The other node has the exactly same output as node1 except its SCSNODE is HWNOD2 not HWNOD1.

I have done two test. When HWNOD1 shutdowns, HWNOD2 will hang. When HWNOD2 shutdowns,HWNOD1 will hangs two.

Now this cluster has set the expected_votes to 2, and it has 1 quorum disk.

Is that correct?

I found the cluster can't add more quorum disk, when I use command "@sys$manager:cluster_config" to enable more quorum disk, the quorum disk set before will disappear.

BR

TONG

Steven Schweda · ‎09-20-2016

> The other node has the exactly same output as node1 except its SCSNODE
> is HWNOD2 not HWNOD1.

I'd prefer to see the actual output, and make my own comparison.

> Now this cluster has set the expected_votes to 2, and it has 1 quorum
> disk.

If each of the two nodes has one vote, and the quorum disk has one
vote, then I'd expect EXPECTED_VOTES to be three. The quorum would be
two, so either node plus the quorum disk would, together, have two
votes, which would satisfy the quorum requirement. As Mike Kier said in
your 6898169 thread:

> Your system should have EXPECTED_VOTES = 3 and a QUORUM of 2 with each
> node having a VOTE of 1, unless there is some compelling reason
> otherwise.

> I found the cluster can't add more quorum disk, [...]

Having more than one quorum disk would cause more trouble than it
would solve. The "OpenVMS Cluster Systems" manual explains quorums and
"a" (or "the") quorum disk:

Rules: Each OpenVMS Cluster system can include only one quorum
disk. [...]

Also:

o To permit recovery from failure conditions, the quorum disk
must be mounted by all disk watchers.

o The OpenVMS Cluster can include only one quorum disk.

Are you mounting the quorum disk on each of the cluster member systems?

Have you looked at the "OpenVMS Cluster Systems" manual?
http://h20565.www2.hpe.com/hpsc/doc/public/display?docId=emr_na-c04623183

albert000 · ‎09-20-2016

Dear:

I have checked the cluster released by OpenVMS and HDS, and found the quorum disk is only used in 2-nodes cluster. and only 1 quorum disk is recommended.

I also find that expected_vote and quorum disk number has the following relation:

estimated quorum = (EXPECTED_VOTES + 2)/2

I have tried to added quorum disk, and it fails.

Since quorum disk can't be changed, I have tried to change expected_votes to 1. However when the system rebooted, it outputs a error, and the expected_votes is changed back automatically.

What can I do in this case?

Looking forward to your reply.

BR

TONG

Steven Schweda · ‎09-20-2016

> I have tried to added quorum disk, and it fails.

Eh?

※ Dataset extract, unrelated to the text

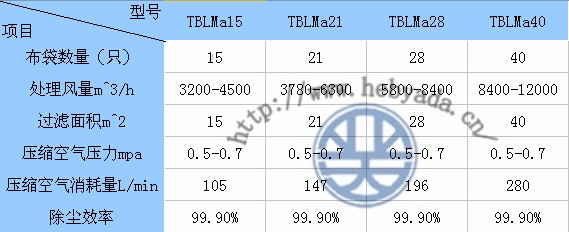 TBLMa系列脈沖式除塵器主要技術(shù)參數(shù)及性能指標參數(shù)表

As usual, showing actual commands with their actual output can
be more helpful than vague descriptions or interpretations. (Do you
mean that you couldn't add a _second_ quorum disk? That restriction is
documented. You can't do that.)

> Since quorum disk can't be changed,

Why do you want to change it? What is it now? To what would you
like to change it?

> I have tried to change expected_votes to 1.

There's little sense in setting EXPECTED_VOTES to some unrealistic
value.

> However when the system rebooted, it outputs a error,

Should we guess what that error message was, or are you willing to
tell us?

> and the expected_votes is changed back automatically.

That's why there's little sense in setting EXPECTED_VOTES to some
unrealistic value. The cluster software can (and does) count the VOTES
of the cluster members when they join the cluster. Trying to fool it
with an unrealistic EXPECTED_VOTES value is a waste of time and effort.
Why are you trying to set it to 1 (when it should be 3)?

> What can I do in this case?

I don't know what "this case" is. As before, I'd like to see what
the following parameters are for each of the two nodes:

VAXCLUSTER
EXPECTED_VOTES (And, if it's not 3, why not?)
VOTES          (And, if it's not 1, why not?)
DISK_QUORUM     (And, if it's not the same on both nodes, why not?)
QDSKVOTES        (And, if it's not 1, why not?)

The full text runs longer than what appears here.